About this task
Could you reproduce the lines below from the one with "Iv gos minine, dalla" through the one with "東風(fēng)自行式戶外炊"? Keep both ends and add nothing.

Data supplied
----------------

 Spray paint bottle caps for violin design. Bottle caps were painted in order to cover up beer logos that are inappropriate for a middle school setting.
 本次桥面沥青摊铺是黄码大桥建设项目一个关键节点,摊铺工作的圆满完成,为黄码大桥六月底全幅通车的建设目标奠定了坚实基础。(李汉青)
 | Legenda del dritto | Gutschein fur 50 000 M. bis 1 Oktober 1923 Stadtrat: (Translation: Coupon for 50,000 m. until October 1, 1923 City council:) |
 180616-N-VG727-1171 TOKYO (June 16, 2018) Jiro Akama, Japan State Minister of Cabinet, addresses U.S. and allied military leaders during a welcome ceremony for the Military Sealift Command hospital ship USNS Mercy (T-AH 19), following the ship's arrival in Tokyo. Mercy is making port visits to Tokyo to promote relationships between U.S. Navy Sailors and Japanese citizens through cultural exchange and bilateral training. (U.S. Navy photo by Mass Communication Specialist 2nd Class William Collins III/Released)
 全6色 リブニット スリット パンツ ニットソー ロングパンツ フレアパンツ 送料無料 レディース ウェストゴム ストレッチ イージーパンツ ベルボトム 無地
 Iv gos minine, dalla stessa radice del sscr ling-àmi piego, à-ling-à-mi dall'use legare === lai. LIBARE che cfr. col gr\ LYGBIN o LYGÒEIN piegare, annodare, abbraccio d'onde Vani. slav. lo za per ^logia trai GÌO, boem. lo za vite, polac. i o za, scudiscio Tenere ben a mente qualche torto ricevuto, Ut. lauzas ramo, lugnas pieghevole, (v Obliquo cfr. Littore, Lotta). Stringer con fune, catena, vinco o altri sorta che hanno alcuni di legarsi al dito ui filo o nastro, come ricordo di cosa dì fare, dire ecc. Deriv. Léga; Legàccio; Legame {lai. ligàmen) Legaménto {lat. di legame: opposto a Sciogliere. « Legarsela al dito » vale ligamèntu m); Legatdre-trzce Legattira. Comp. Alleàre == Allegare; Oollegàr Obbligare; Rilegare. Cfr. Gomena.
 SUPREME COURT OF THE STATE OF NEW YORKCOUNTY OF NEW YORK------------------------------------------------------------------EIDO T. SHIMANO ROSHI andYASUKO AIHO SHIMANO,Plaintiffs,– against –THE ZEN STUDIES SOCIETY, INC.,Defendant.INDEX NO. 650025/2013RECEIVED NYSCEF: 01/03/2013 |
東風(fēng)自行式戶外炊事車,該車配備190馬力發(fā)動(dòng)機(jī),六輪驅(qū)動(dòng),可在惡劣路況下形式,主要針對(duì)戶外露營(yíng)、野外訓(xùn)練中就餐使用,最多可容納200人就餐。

----------------

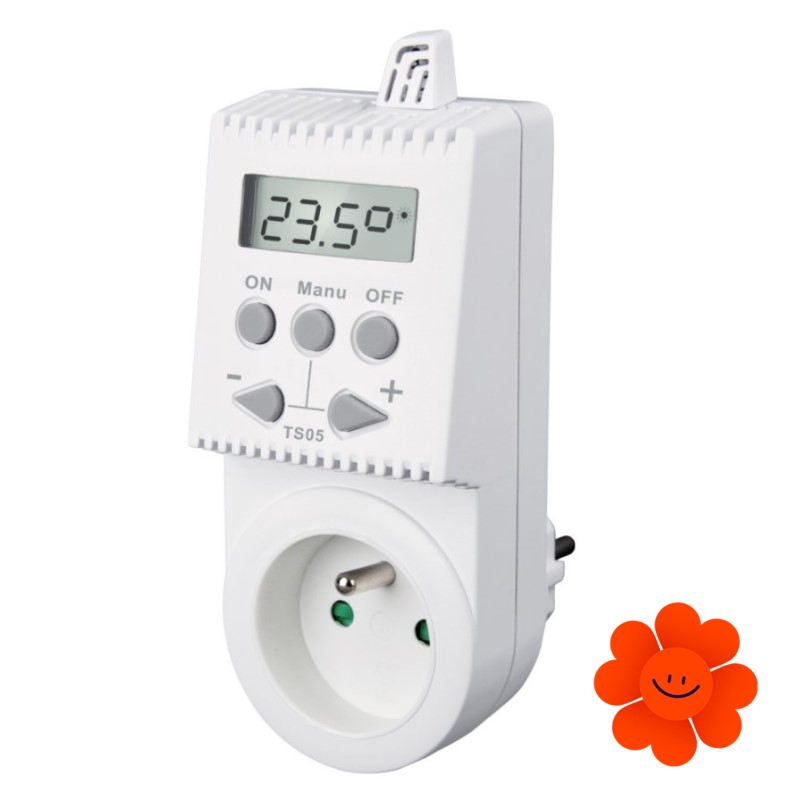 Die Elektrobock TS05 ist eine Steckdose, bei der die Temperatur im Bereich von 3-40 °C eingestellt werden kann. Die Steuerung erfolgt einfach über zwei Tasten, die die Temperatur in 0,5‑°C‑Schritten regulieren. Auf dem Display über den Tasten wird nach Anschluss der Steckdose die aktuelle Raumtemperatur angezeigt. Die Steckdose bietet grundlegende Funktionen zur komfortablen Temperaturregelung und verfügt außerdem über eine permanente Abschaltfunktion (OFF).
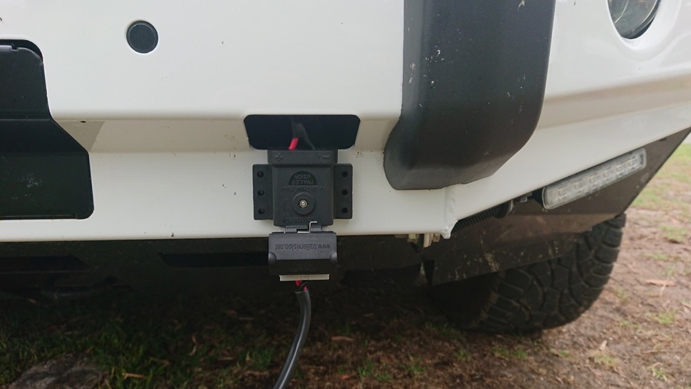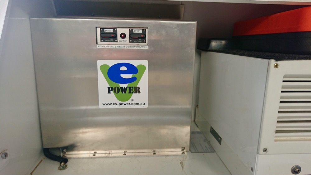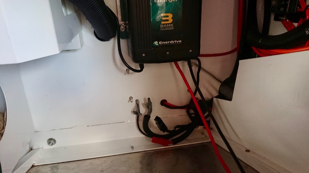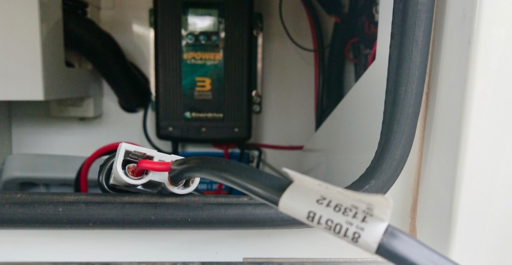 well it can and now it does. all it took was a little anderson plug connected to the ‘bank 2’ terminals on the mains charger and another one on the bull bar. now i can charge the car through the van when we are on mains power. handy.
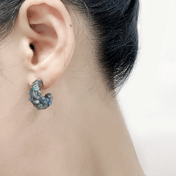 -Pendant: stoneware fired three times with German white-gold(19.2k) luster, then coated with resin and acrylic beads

----------------

Problem solution
 Iv gos minine, dalla stessa radice del sscr ling-àmi piego, à-ling-à-mi dall'use legare === lai. LIBARE che cfr. col gr\ LYGBIN o LYGÒEIN piegare, annodare, abbraccio d'onde Vani. slav. lo za per ^logia trai GÌO, boem. lo za vite, polac. i o za, scudiscio Tenere ben a mente qualche torto ricevuto, Ut. lauzas ramo, lugnas pieghevole, (v Obliquo cfr. Littore, Lotta). Stringer con fune, catena, vinco o altri sorta che hanno alcuni di legarsi al dito ui filo o nastro, come ricordo di cosa dì fare, dire ecc. Deriv. Léga; Legàccio; Legame {lai. ligàmen) Legaménto {lat. di legame: opposto a Sciogliere. « Legarsela al dito » vale ligamèntu m); Legatdre-trzce Legattira. Comp. Alleàre == Allegare; Oollegàr Obbligare; Rilegare. Cfr. Gomena.
 SUPREME COURT OF THE STATE OF NEW YORKCOUNTY OF NEW YORK------------------------------------------------------------------EIDO T. SHIMANO ROSHI andYASUKO AIHO SHIMANO,Plaintiffs,– against –THE ZEN STUDIES SOCIETY, INC.,Defendant.INDEX NO. 650025/2013RECEIVED NYSCEF: 01/03/2013 |
東風(fēng)自行式戶外炊事車,該車配備190馬力發(fā)動(dòng)機(jī),六輪驅(qū)動(dòng),可在惡劣路況下形式,主要針對(duì)戶外露營(yíng)、野外訓(xùn)練中就餐使用,最多可容納200人就餐。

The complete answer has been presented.